「コンソメ」と「ブイヨン」の違い

「コンソメ」と「ブイヨン」の違い
フランス料理などの洋食には「コンソメ」や「ブイヨン」等が使われていますが、この2つの違いを知っていますか?この2つは仕込み方に大きな違いが存在します。

ブイヨンとは、肉と野菜を長時間煮出して作る汁のことで、そのまま飲むものではなく、スープや煮込み料理を作る際のベースとして使います。日本料理で言うところの「だし」にあたる物ですね。

ブイヨンにも様々なものがあり、牛肉および牛の骨からとったブイヨンは「ブイヨン・ド・ブフ」と呼び、鶏肉や鶏の骨からとったものを「ブイヨン・ド・ヴォライユ」、野菜からとったものを「ブイヨン・ド・レギューム」、魚からとったものを「フュメ・ド・ポワゾン」と呼びます。

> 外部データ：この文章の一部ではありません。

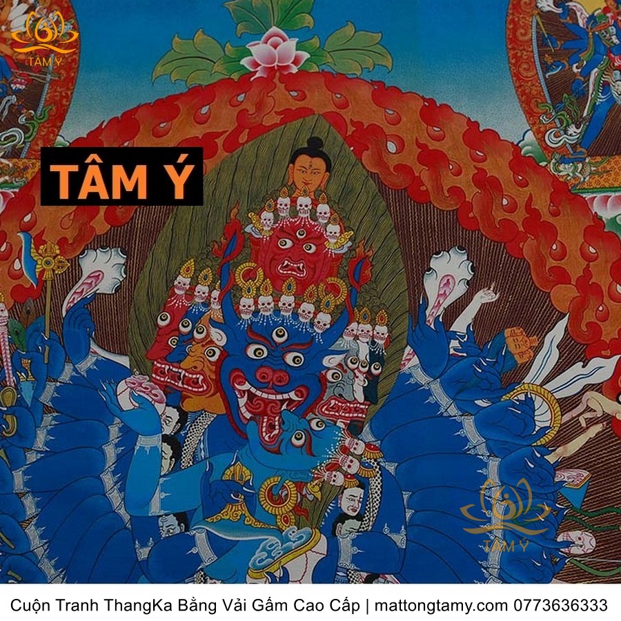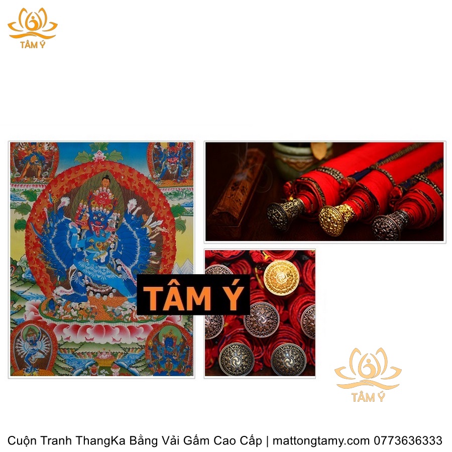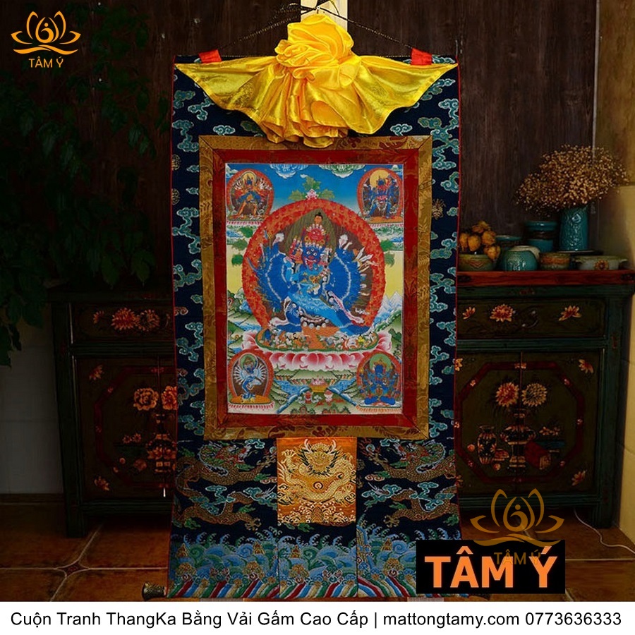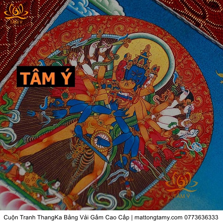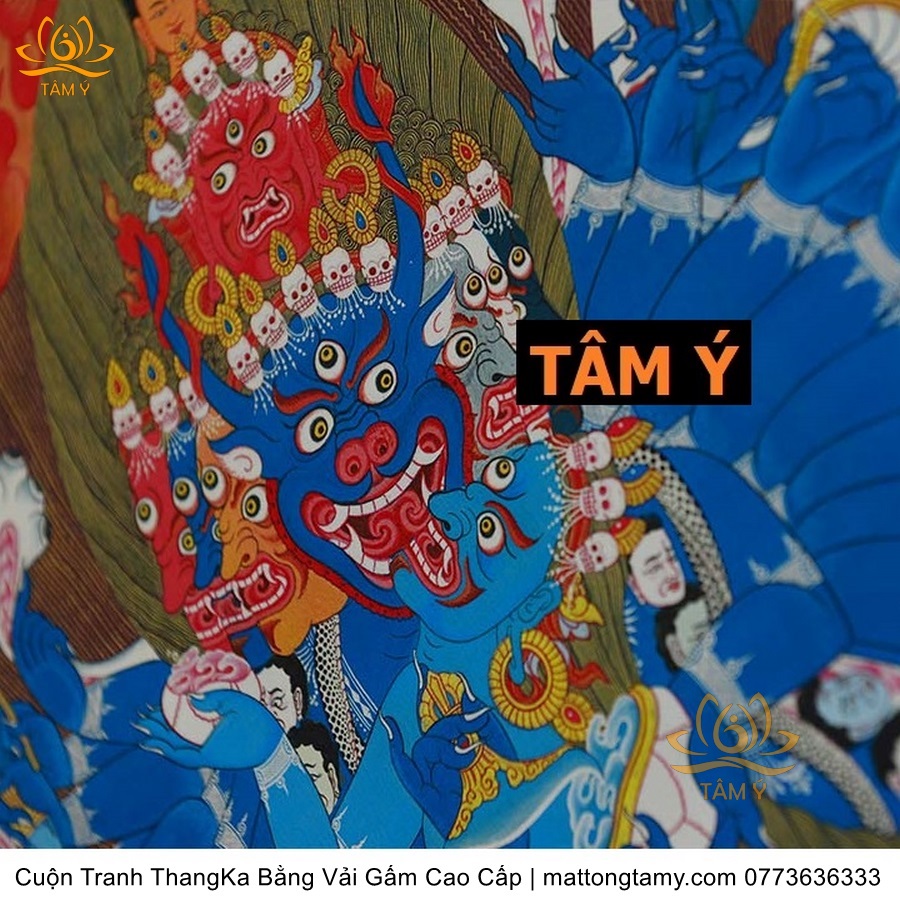 Cuộn Tranh ThangKa Phật Đại Uy Đức Minh Vương Yamatanka Bằng Vải Gấm Cao Cấp, Kiểu 3, TCT74

これらのブイヨンを料理ごとに使い分けることで料理の味をより引き立てることが出来ます。例えば、鶏肉のブイヨンならオムライスやパエリア、リゾット等に適しています。牛肉ブイヨンならば、カレーやハヤシライス、ビーフシチューといった煮込み料理におすすめです。

一方、コンソメはフランス語で「完成された」という意味で、ブイヨンに肉、野菜、調味料などを加え、灰汁をとりつつ数時間煮出してそのままスープとして飲むように作ったものの事を指します。

日本ではブイヨンと混同されることも多く、「西洋料理に用いるだし」全般がコンソメと呼ばれることも少なくありません。理由としては、固形ブイヨンを「コンソメ」の名で発売したことで、誤解してしまう人が多かった事が挙げられます。

現在では、スーパーなどで固形または粉末状にしたブイヨンが販売されており、時間をかけずに手軽に洋食を作ることが可能となっています。また、使い方次第では洋食だけでなく、和食や中華料理にも使うことも可能です。

まとめると、「ブイヨン」は野菜や肉を煮込んで作る「だし」のようなもので、「コンソメ」はそのブイヨンを使って更に煮込んだスープということになります。洋食に欠かせないものなので、料理ごとに使い分けていきたいものですね。